24-Stunden-Pflege muss sichergestellt werden

24 Stunden Pflege

Die schlampige Organisation gefährdet die 24-Stunden-Pflege im Bundesland Salzburg.

Antrag an das Wirtschaftsparlament Salzburg am 3. Juni 2020

24-Stunden-Personenbetreuer/innen unterstützen – Pflege daheim absichern

In Salzburg werden ca. 960 Personen zuhause von zumeist ausländischen Personenbetreuer/innen (FG 127) zu Hause gepflegt. Aufgrund der Corona bedingten Grenzkontrollen und Testvorgaben sind die Kosten für Transport, Unterkunft und Tests sind je nach Herkunftsland unterschiedlich stark gestiegen und belaufen sich je nach Land bis zu ca. 300 EUR. Der Rücktransport schlägt mit bis zu EUR 100 zu Buche. Da viele 24h Betreuer/innen weniger als 1.000 EUR verdienen, werden sie diese Kosten kaum tragen können. Auch für die zu pflegenden Personen sind diese Zusatzkosten nicht zumutbar. Ein Wegfall dieser Arbeitskräfte wäre kaum kompensierbar. Somit müssten in der Regel Familienmitglieder die Pflege daheim übernehmen. Damit würden Arbeitskräfte, die anderswo gebraucht werden, ausfallen, und der Wirtschaft ein weiterer Schaden erwachsen.

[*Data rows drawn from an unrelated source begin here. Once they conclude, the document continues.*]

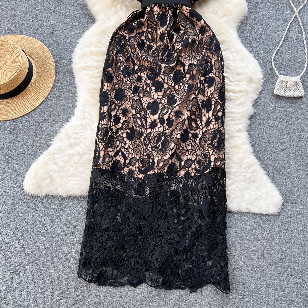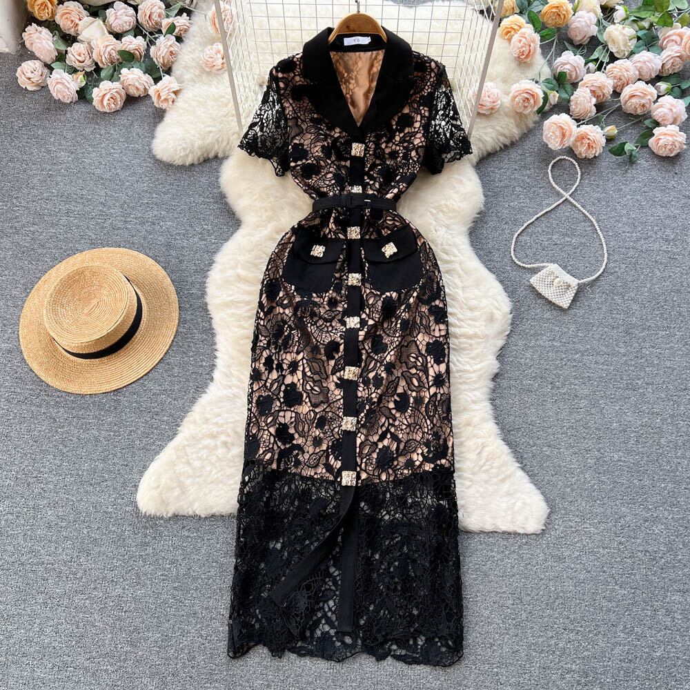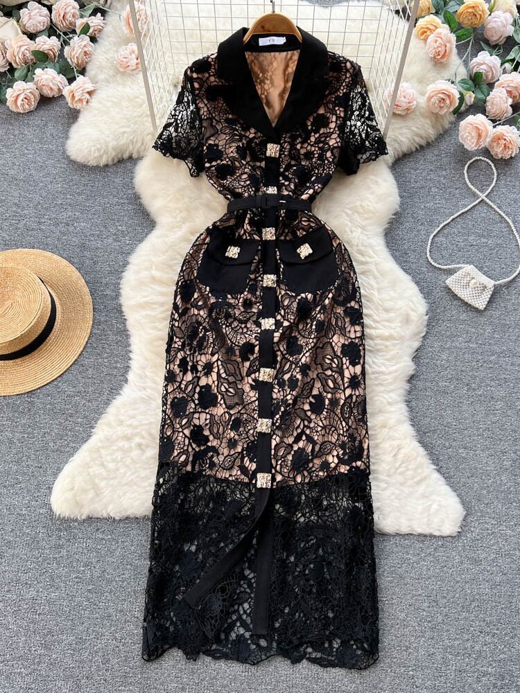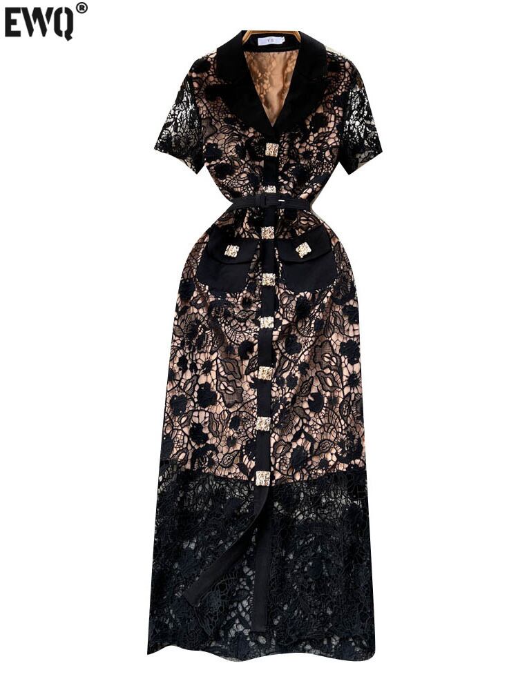 [EWQ] レースフック花シックボタンドレス Embroid シングルブレストレースアップパーティードレス夏潮 Vestido 6Y8133 刺繍 サマー 夏物 フラワーデザイン
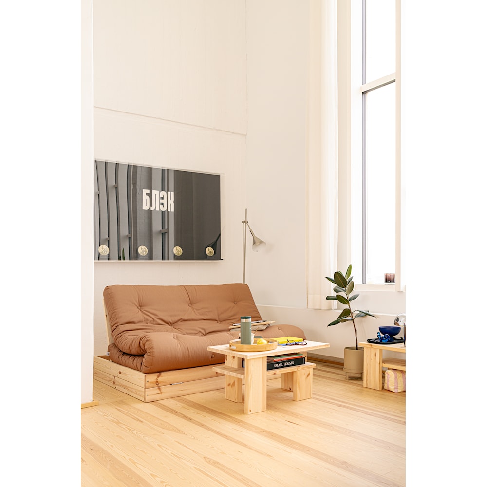 The Japan Coffee Table is the largest table in the Japan series – created with the same honest materials and visual weight as the Japan bed. The table's asymmetrical design and inset shelf add both functionality and a more organic look to the otherwise stringent design language.
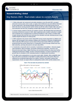 We expect real estate values to correct sharply in 2023, but pressure should gradually alleviate as policy rates peak. We’ve identified five key themes that will shape both the scale of the downturn and the pace of the subsequent recovery.
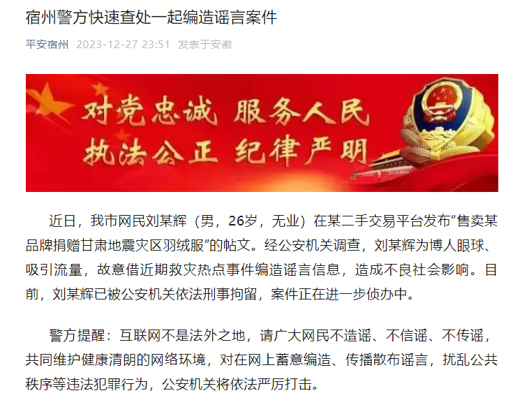 据平安宿州12月27日晚消息,近日,宿州市网民刘某辉(男,26岁,无业)在某二手交易平台发布“售卖某品牌捐赠甘肃地震灾区羽绒服”的帖文。经公安机关调查,刘某辉为博人眼球、吸引流量,故意借近期救灾热点事件编造谣言信息,造成不良社会影响。
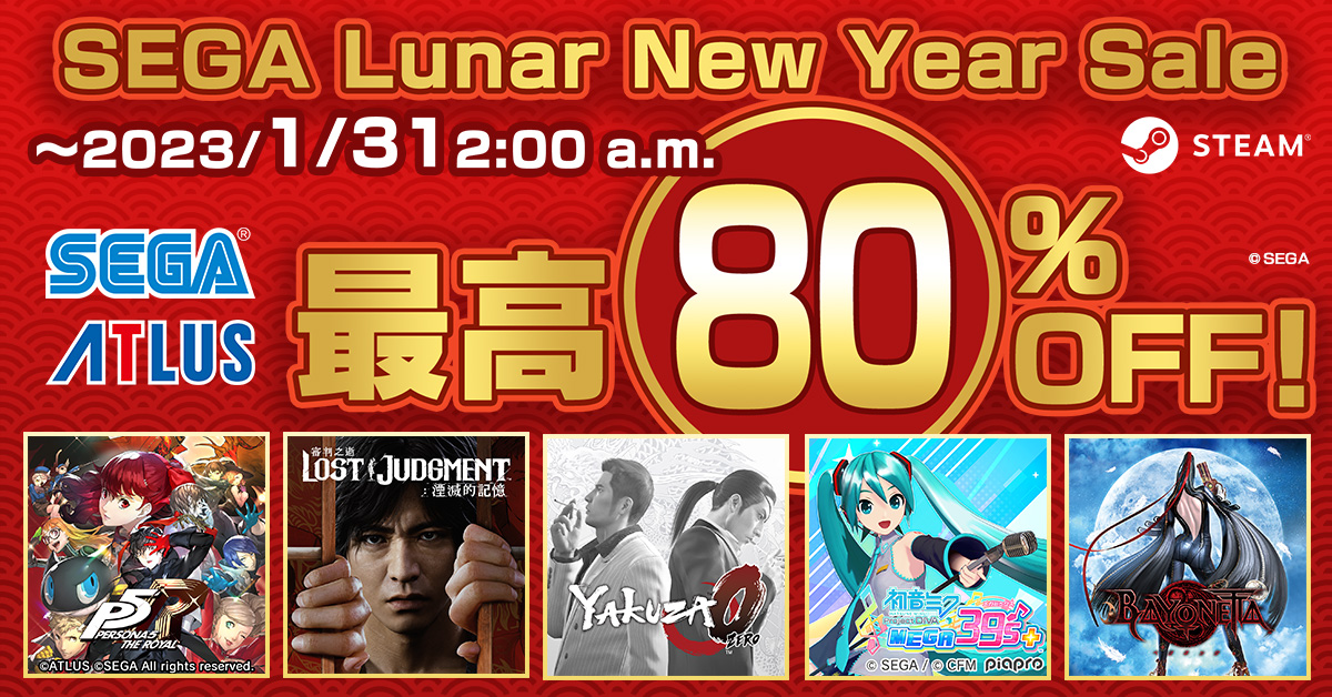 世雅股份有限公司宣佈,目前正在Steam平台舉辦限時促銷活動「SEGA春節特賣」,於Steam販售的部分SEGA・ATLUS的PC遊戲作品將以優惠價格販售。

Haftungsfragen und Rücktransport sind noch zu klären

Einen Zug bspw. von Rumänien nach Österreich fahren zu lassen reicht nicht. Völlig unklar ist noch das Prozedere des Rücktransports. Auch das muss von einer zentralen Stelle aus, unter Einbindung der Agenturen koordiniert werden. Wenn keine Agentur vorhanden ist, soll diese Koordinierungsstelle auch für betroffene Familien/zu pflegende Personen ihre Services anbieten.

Auch die Haftungsfrage muss geklärt werden. Was passiert, wenn ein/e 24h Betreuer/innen trotz Test eine zu pflegende Person oder umgekehrt mit Corona ansteckt? Wer haftet für etwaige Schadensersatzansprüche? Das könnten im Fall des Falles zu existenziellen Fragen für die Agenturen, zu pflegende Personen oder die Personenbetreuer/innen werden.

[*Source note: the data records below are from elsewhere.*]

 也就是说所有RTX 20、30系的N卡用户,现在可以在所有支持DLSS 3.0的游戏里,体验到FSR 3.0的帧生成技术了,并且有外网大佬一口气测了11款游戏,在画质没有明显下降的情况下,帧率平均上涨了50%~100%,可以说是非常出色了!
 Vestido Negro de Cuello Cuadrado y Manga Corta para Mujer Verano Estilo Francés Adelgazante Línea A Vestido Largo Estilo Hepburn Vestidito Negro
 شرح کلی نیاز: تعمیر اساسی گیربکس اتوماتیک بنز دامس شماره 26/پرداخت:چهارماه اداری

 „Ausschluss von Pflegekräften“ von Härtefallfonds muss beendet werden

Noch immer sind im Antragsformular des Härtefonds „Steuernummer“ und „Österr. Bankverbindung“ Pflichtfelder. Viele ausländischen Personenbetreuer haben keine Steuernummer, da sie unter 11.000 EUR/jährlich verdienen. Auch ein österreichisches Bankkonto ist oft nicht vorhanden. Durch die Vorgaben des Finanzministeriums können viele Personenbetreuer NICHT um Härtefondsgelder ansuchen. Wir wollen daher, dass diese Knock-Out-Kriterien entfernt werden.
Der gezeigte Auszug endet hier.